## Stored data
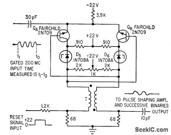 Gated 200-Mc input is fed to both emitters. Individual tenet diodes provide collector bias. Base bios is obtained from collector resistor load of opposite transistor. Potentiometer permits perfect balancing. Time intervals are measured accurately to 5 nsec.-C. S. Coffey, VHF Counter Measures Time Iptervals Precisely, Electronics, 36:34, p 27-29.
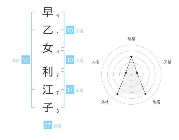 早乙女 利江子さんの総格は27画の3点!
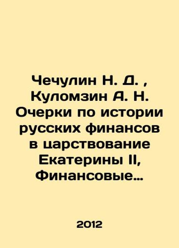 N. D. Chechulin A. N. Kulomzin Essays on the History of Russian Finance during the reign of Catherine II Financial Documents of the reign of Empress Catherine II In Russian (ask us if in doubt)/Chechulin N. D. Kulomzin A. N. Ocherki po istorii russkikh finansov v tsarstvovanie Ekateriny II Finansovye dokumenty tsarstvovaniya imperatritsy Ekateriny II. Tyre Room 5 Moscow Publishing House V. Sekachev 2012 924s. SKUalb7e2aca9fb5a83f1c.
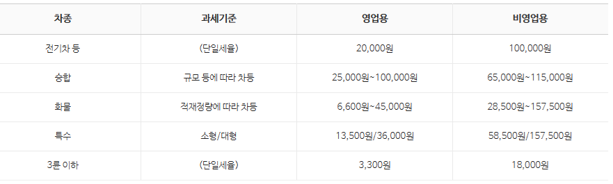 - 승용차 : 배기량 (cc) 기준 차등과세

## Description of the task
Repeat the material exactly. Any picture in it should be dropped.

## Result for this task
 Gated 200-Mc input is fed to both emitters. Individual tenet diodes provide collector bias. Base bios is obtained from collector resistor load of opposite transistor. Potentiometer permits perfect balancing. Time intervals are measured accurately to 5 nsec.-C. S. Coffey, VHF Counter Measures Time Iptervals Precisely, Electronics, 36:34, p 27-29.
 早乙女 利江子さんの総格は27画の3点!
 N. D. Chechulin A. N. Kulomzin Essays on the History of Russian Finance during the reign of Catherine II Financial Documents of the reign of Empress Catherine II In Russian (ask us if in doubt)/Chechulin N. D. Kulomzin A. N. Ocherki po istorii russkikh finansov v tsarstvovanie Ekateriny II Finansovye dokumenty tsarstvovaniya imperatritsy Ekateriny II. Tyre Room 5 Moscow Publishing House V. Sekachev 2012 924s. SKUalb7e2aca9fb5a83f1c.
 - 승용차 : 배기량 (cc) 기준 차등과세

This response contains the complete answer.